Overblog Suivre ce blog
Editer l'article Administration Créer mon blog
11 novembre 2010 4 11 /11 /novembre /2010 08:19

 

Selon l’Observatoire de l’énergie, la facture énergétique (gaz et pétrole) était de 46,1Md en 2010 dont plus de 35Md pour le pétrole seul (48% de la consommation énergétique finale en 2007), avec un coût global qui évolue à la hausse (+15% en 2010)... Sur les 10 ans à venir , on aurait donc au moins 400 milliards d’euros de perte sèche pour la France, soit une perte annuelle de plus d’une fois et demie le budget de la Recherche.
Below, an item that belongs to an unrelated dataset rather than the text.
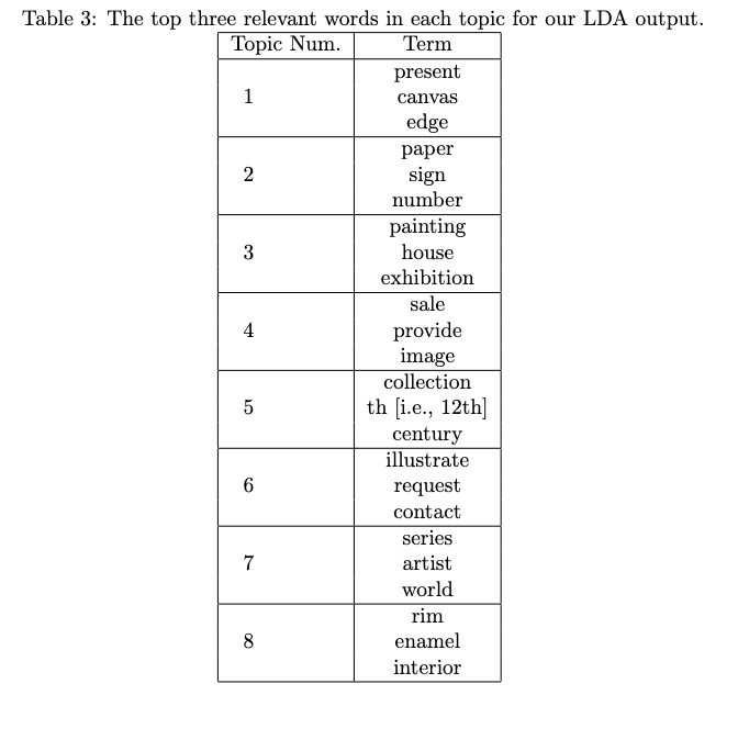 Our analysis indicated that our model did not specifically identify any particular type of artist or price range. Future research is needed to explore what patterns may arise from the different topics related to art made by different demographics. The ethical implications here are that if a bad actor were to use topics associated with a more “desirable” aesthetic, they might want to rewrite the descriptions of the artwork. Another important ethical consideration is the demographic makeup of each topic group to ensure that no one group is disproportionately included or excluded by the aesthetic language used. Understanding which economic or demographic groups are associated with each topic cluster would necessitate additional data. The need for more data raises ethical questions about collecting additional data to ensure the current data is free from hidden biases or trends. However, the debate about this question is beyond the scope of this paper.
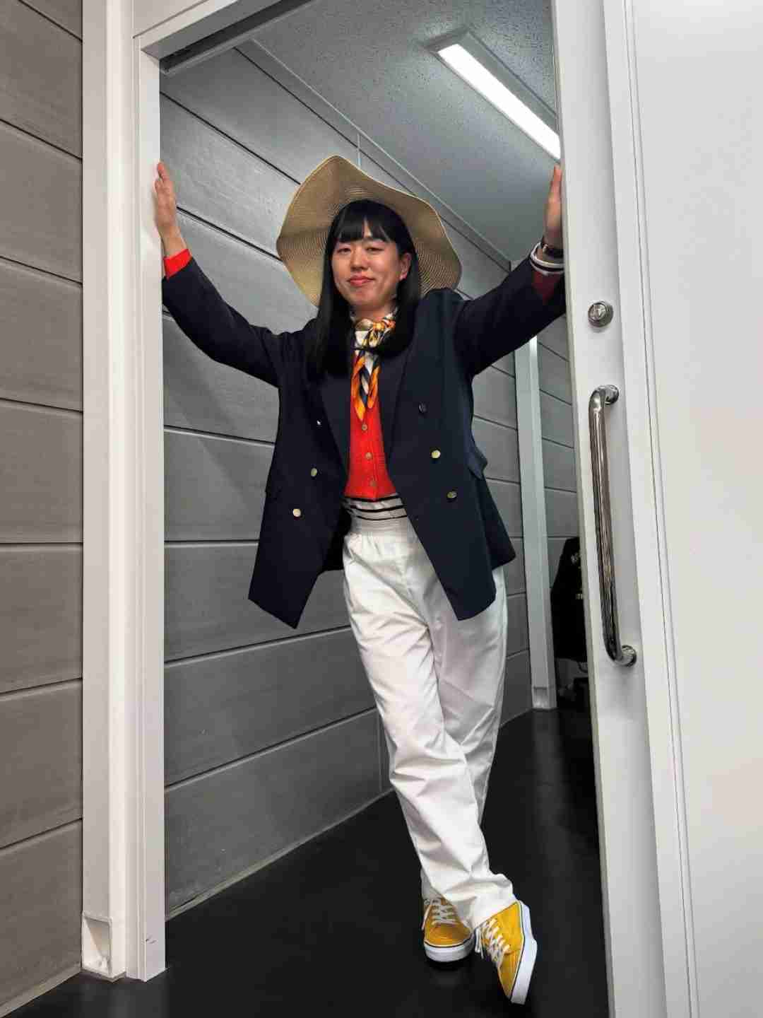 低身長は、視線が上にいくように、上半身は小物類で盛って、ボトムとシューズは色を繋げてシンプルにすると良いと思います。

L'urgence exigerait qu'on pense ce dossier comme dans une économie de guerre, hyper-rationnelle et pour cause... Ainsi l' IRC réclame la mise en œuvre d’un vaste plan coordonné de sortie de l’économie pétrolière sur une période de 5 à 10 ans.

 

Par principe, on rechercherait donc un effet d’entrainement maximal par réallocation d’actifs budgétaires à différentes échelles spatiales, temporelles ou sectorielles. On viserait ainsi une externalisation de la production moindre, et donc une internalisation des profits, avec tous les effets d’entrainement que cela suppose: le principe d’une monnaie franche transposé aux secteurs industriel, artisanal et agricole. Ceci supposerait des efforts de recherche et d' investissements massifs portés à au moins 35Md d'euros par an, autour de 2% du PIB...

 

Un rappel: selon la Loi-programme du 13 juillet 2005, la France devait se donner les moyens d’une indépendance énergétique, une sécurité d’approvisionnement, des prix compétitifs, assurer une préservation de la santé humaine et de l’environnement, garantir la cohésion sociale et territoriale... Ce texte avait été prolongé par le livre vert de la Commission européenne en mars 2006, sans qu’il soit avancé de solution crédible…Force est de constater que l'UMP s'est montrée incapable de se hisser à la hauteur des enjeux! Car le rôle d'un Etat stratège est bien celui d'anticiper, comme on le constatera à travers l'exemple emblématique de l'entreprise (BFS) productrice de «pétrole bleu» (merole)...

 

 

Pour une approche globale

 

La fiscalité française sur le secteur énergétique manque de lisibilité et de cohérence, permet l'orchestration de rentes de situation, génère des phases de spéculation pure au détriment du bien commun! Face à cette situation, l' IRC propose plusieurs changements notables...

 

1- un Ministère d' Etat en charge de la Politique Maritime

Ce Ministère d' Etat en charge de la politique maritime comporterait un Collège de représentants, au moins un pour chaque espace maritime. Y seraient rattachés:

-un Secrétariat à l'Outremer (collectivités territoriales ultra-marines) ne dépendant donc plus du Ministère de l'Intérieur...

-un Secrétariat d' Etat en charge de la Pêche et des Affaires maritimes (étude, préservation, exploitation des ressources en milieu marin, commerce maritime).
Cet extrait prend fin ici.